RICHMOND, Va. -- Day in and day out, Jenifer Mason deals with the traffic on a busy stretch of Midlothian Turnpike just past Belt Boulevard.

More than 17,000 cars a day use this road.

Nothing raises her anxiety level more than seeing cars whizzing by, ignoring the speed limit as they approach Richmond’s George Wythe High School.

“I’m very concerned that somebody might get hit and I wouldn’t want that to be my child nor anybody else’s child. The traffic thru there, the speed through there is just horrendous,” Mason explained.

In recent weeks something else in the George Wythe school zone has raised Mason’s concern level.

A tree growing over the sidewalk, inching into the street, is covering what should be a safety warning sign for drivers.

“I’ve been traveling through there for eight years. This school year has been a particular problem because the light is blocked by a tree when you’re going westbound,” said Mason.
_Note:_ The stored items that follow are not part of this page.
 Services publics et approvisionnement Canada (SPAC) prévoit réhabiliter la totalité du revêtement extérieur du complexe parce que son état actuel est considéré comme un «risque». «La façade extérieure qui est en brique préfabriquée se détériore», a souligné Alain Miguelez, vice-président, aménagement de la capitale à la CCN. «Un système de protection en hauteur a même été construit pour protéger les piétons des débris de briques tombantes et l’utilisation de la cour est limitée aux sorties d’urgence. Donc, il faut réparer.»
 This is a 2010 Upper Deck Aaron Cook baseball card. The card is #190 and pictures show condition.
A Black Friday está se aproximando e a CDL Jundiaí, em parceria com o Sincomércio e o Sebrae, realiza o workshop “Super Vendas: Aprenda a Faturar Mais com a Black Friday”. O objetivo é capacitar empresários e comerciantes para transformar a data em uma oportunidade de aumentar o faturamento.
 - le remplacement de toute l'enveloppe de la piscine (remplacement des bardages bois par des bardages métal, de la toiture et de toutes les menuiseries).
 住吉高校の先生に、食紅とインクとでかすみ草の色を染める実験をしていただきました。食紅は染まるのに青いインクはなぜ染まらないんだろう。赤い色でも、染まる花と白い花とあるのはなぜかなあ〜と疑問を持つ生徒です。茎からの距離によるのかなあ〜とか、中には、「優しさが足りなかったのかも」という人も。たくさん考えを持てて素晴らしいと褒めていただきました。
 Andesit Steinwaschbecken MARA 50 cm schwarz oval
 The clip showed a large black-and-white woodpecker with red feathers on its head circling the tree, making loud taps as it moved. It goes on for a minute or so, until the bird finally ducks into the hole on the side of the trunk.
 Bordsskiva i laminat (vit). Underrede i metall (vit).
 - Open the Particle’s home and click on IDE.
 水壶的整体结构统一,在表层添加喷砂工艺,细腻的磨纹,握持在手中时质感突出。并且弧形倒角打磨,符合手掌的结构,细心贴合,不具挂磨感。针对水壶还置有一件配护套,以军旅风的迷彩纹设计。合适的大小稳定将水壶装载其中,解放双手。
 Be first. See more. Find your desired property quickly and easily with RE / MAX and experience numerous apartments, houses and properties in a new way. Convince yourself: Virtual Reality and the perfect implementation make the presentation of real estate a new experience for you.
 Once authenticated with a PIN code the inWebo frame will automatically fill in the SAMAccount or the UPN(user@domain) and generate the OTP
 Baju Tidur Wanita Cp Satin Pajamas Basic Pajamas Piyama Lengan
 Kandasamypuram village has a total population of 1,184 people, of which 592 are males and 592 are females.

The light Mason is referring to is the flashing school zone sign.

“The one eastbound does not flash at all. I haven’t seen it flash since school started,” she added.

Julie Newcomb has noticed the same thing.

Both women asked CBS 6 Problem Solvers to find out who’s responsible for cutting the tree back and keeping the flashing school zone signs in working order.

Both, worried that if left unchecked it could put students in danger.

“If there was an accident. If someone was walking down the sidewalk, you know that child could be hit,” said Newcomb. “It’s not a wide street by any means and there’s always kids around here, always.”

Jenifer Mason and Julie Newcomb

CBS 6 Problem Solvers spoke with the homeowner off camera, who says though it’s his tree, the city has trimmed it in years past, but he understands the safety hazard it poses.

A city spokesperson confirms the tree is the homeowner’s responsibility to cut.

The homeowner tells CBS 6 he will trim back the tree before the weekend is over. Something that makes these two moms breathe a little easier.

“I think that’s pretty good. That’s maybe he didn’t know and now that he does, if he’s willing to do something about it, good. But you still would think that the city would be responsible because that’s a school sign,” said Newcomb.

CBS 6 Problem Solvers reported the school zone sign issue to the Department of Public Works. A spokesperson said a traffic engineer would take a look and make any necessary repairs.